5 rows in set. Elapsed: 0.150 sec. Processed 45.73 million rows, 1.81 GB (303.88 million rows/s., 12.01 GB/s.)
Peak memory usage: 307.49 MiB.

Let’s get the top 5 most popular uri per domain. This query uses the handy LIMIT x BY <field> function.

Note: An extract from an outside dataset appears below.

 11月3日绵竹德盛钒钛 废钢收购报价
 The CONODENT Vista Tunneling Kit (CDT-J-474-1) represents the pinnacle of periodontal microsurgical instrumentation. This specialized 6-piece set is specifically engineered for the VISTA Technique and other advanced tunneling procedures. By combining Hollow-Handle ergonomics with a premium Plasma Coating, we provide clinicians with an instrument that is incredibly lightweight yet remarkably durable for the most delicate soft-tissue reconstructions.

a8c8da069d94 :) select domain, uri, count(1) from nginx.access where domain in ('example.com', 'nestfromthebest.com', 'az.org') group by 1, 2 order by 1, 3 desc limit 5 by domain

SELECT
    domain,
    uri,
    count(1)
FROM nginx.access
WHERE domain IN ('example.com', 'nestfromthebest.com', 'az.org')
GROUP BY
    1,
    2
ORDER BY
    1 ASC,
    3 DESC
LIMIT 5 BY domain

Query id: 2acd328c-ed82-4d36-916b-8f2ecf764a9d

┌─domain──────┬─uri────────────┬─count()─┐
│ az.org      │ /about/        │  382543 │
│ az.org      │ /contacts/     │   42066 │
│ az.org      │ /category/id7  │    2722 │
│ az.org      │ /category/id14 │    2704 │
│ az.org      │ /category/id2  │    2699 │
│ example.com │ /about/        │  381653 │
│ example.com │ /contacts/     │   42023 │
│ example.com │ /category/id2  │    2694 │
│ example.com │ /category/id8  │    2688 │
│ example.com │ /category/id13 │    2670 │
└─────────────┴────────────────┴─────────┘
┌─domain──────────────┬─uri────────────┬─count()─┐
│ nestfromthebest.com │ /about/        │  383377 │
│ nestfromthebest.com │ /contacts/     │   42100 │
│ nestfromthebest.com │ /category/id8  │    2726 │
│ nestfromthebest.com │ /category/id14 │    2700 │
│ nestfromthebest.com │ /category/id4  │    2696 │
└─────────────────────┴────────────────┴─────────┘

15 rows in set. Elapsed: 0.062 sec. Processed 23.97 million rows, 918.43 MB (388.35 million rows/s., 14.88 GB/s.)
Peak memory usage: 98.67 MiB.


Conclusion

ClickHouse is a great tool to store and manipulate specific data like logs at a large scale. It is definitely worth further learning, and understanding, for example, nested data structure, sampling tooling, window functions, and others


I hope you enjoyed this small article and was useful for you!